CDX Investment Grade Index November 2022

CDX Investment Grade Index November 2022

Bloomberg U.S. Aggregate Corporate Average OAS

January 1, 2021 —November 30 2022

Bloomberg Barclays US Aggregate Corporate Average OAS 

September 1, 2022—November 30, 2022

 

IG credit flows in the month of November came in at $566 billion vs trailing months, October $574 billion, September $576 billion, August $536 billion, July $459 billion, June $550 billion, May $549 billion, April $541 billion, March $630 billion, February $489 billion and January $483 billion. The trailing six-month average volume is $543 billion.

November saw a new issue calendar that topped expectations and tighter spreads along with another month of heavy net client selling that has the past five months net client selling at over $39.8 billion, following aggressive rate hikes by the Fed.  November saw $9.4 billion in net client selling.

The front end of the credit curve saw the only net client buying with 0-1yr paper seeing $2.7 billion in buying.  The 3-7yr and 1-3yr part of the curve dominated the selling with over $8.4 billion; 3-7yr ($4.4 billion) and 1-3yr ($4 billion). The Financial sector dominated net client selling in November with $3.2 billion, Energy $1.3 billion, Consumer Staples $1.2 billion, and Communications $1.1 billion. All sectors saw net client selling.
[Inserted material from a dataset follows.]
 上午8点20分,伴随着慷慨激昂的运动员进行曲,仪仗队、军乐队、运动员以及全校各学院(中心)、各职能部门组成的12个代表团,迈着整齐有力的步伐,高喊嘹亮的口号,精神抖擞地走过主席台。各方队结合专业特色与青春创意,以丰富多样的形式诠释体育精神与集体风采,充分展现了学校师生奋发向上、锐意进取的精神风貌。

Looking at the markets from a ratings perspective Baa1/Baa3 paper saw $3.9 billion of net client selling along with A1/A3 paper seeing $3.3 billion. Aa1/Aa3 paper saw net client selling of $1.7 billion and Aaa paper saw $356 million.
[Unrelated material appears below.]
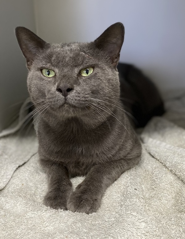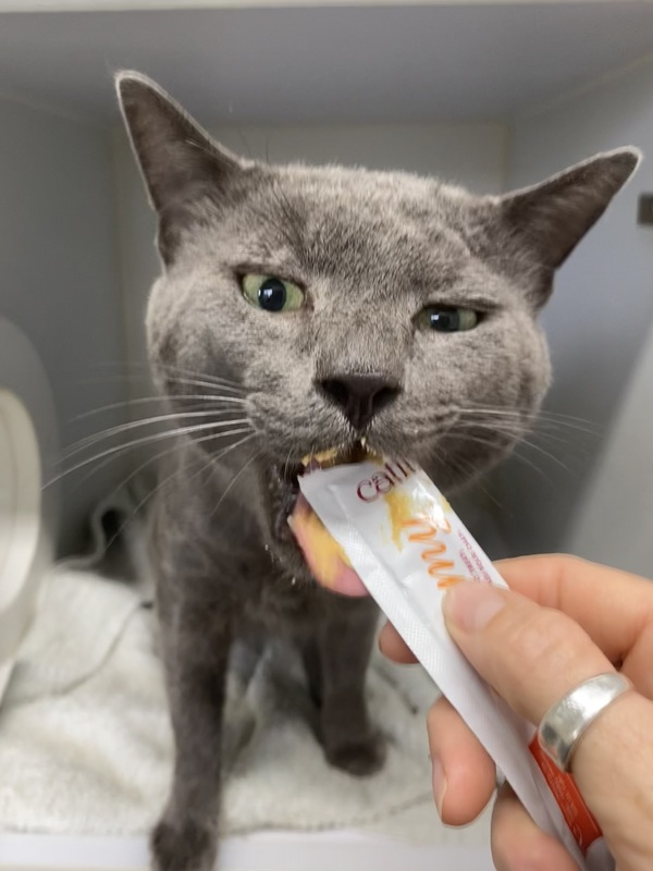 Meet Ramsey! With his soft soul and striking green eyes, Ramsey has a way of melting hearts in an instant. He's a gentle, easygoing boy who adores the simple pleasures in life, sunny windowsills, quiet moments, and of course, food. The true key to Ramsey's heart is through treats, especially anything puréed!

See IG Credit Flow charts below for more information.

 

November 2022  IG Credit Flows by Sector

November 2022  IG Credit Maturity Flows

November 2022 IG Credit by Investment Grade Ratings

 

November’s new issue calendar heavily topped monthly expectations, while the U.S. Treasury curve rallied and further inverted with absolute yields lower, and we saw solid secondary trading flows that again lead to net client selling as spreads pushed tighter on the month.  The U.S. Treasury curve saw 2’s 10’s close inverted by 70 basis points and 2’s 30’s close inverted by 58 basis points. As we look to December and the end of the year, the Fed will meet December 14 with 50-basis point rate hike anticipated after Chair Powell’s most recent speech.  As we alluded to in our September credit piece, we did see some firm footing for the month of October as equity markets rallied and credit spreads pushed tighter as no Fed meeting in October allowed markets to breath and that carried over into November with lower yields, tighter spreads and a new issue calendar that topped expectations as the funding landscape improved in November.
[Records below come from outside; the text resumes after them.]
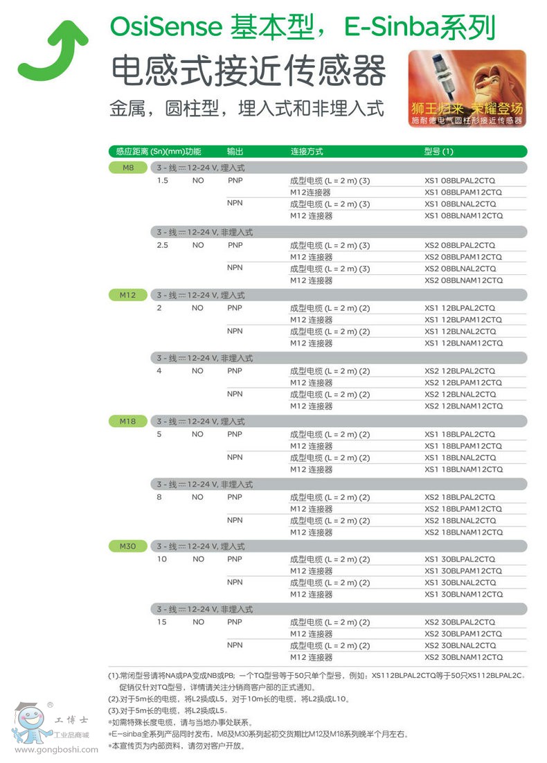 * 常規產品外形有圓柱形M8、12、18、30和方形J、F、E、C、D 形狀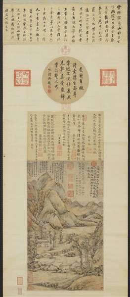倪瓚(西元一三○一—一三七四年),江蘇無鍚人。他的個性孤高,並有很深的潔癖,四十歲以後,便棄家外出,過著漂泊的生活。作畫不喜用色彩,別有一種清淡雅逸的韻味。 這幅淺設色山水,是故宮收藏倪瓚作品中,唯一的一件著色畫。構圖比起他尋常多留空白的習慣,要複雜許多,加上自己的題字,和別人寫的跋語,幾乎把全幅填滿了,確實是倪瓚風格裡難得的特例。
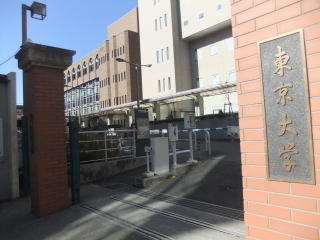 坂を上り切ると東大の鉄門。それを入ると東大の附属病院があり、多くの人が行き来している。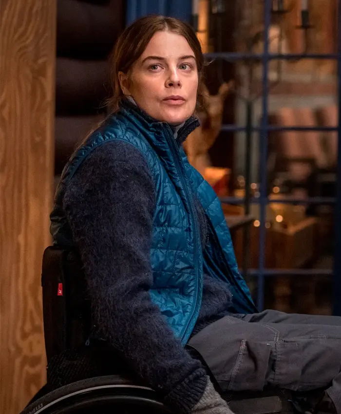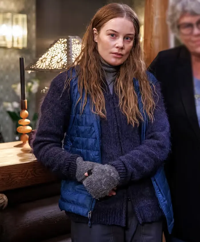 Ida Engvoll TV-Series Blindspår 2025 Hanne Wilhelmsen Blue Quilted Vest

We enter December with all eyes on the Fed’s next move, which is expected to be a slower U.S. rate hiking pace as signaled by Chair Powell, continued inflation and key economic data beginning with Friday’s Unemployment data.  December new issue projections are coming in at just $20 billion a very subdued end to 2022 and would be the lowest amount in the past 3 years.

Great job by the AmeriVet Securities team in November, as we were a Co-Manager on $2 billion 6NC5 Sustainability bond for Bank of America, $2.75 billion 11NC10 for Citigroup, $2 billion 11NC10 for Credit Suisse, $1.2 billion two-part deal for Thermo Fisher, $750 million 3NC2 for Bank of NY Mellon, $1.3 billion Ford Prime Auto Loan ABS deal, $400 million 10yr 1st MTG bond for Public Service Elec and Gas and $1 billion 2yr for Bank of Nova Scotia.

The AmeriVet Securities sales team continues to bring in large volumes of differentiated orders from Tier II and Tier III accounts on new issue deals.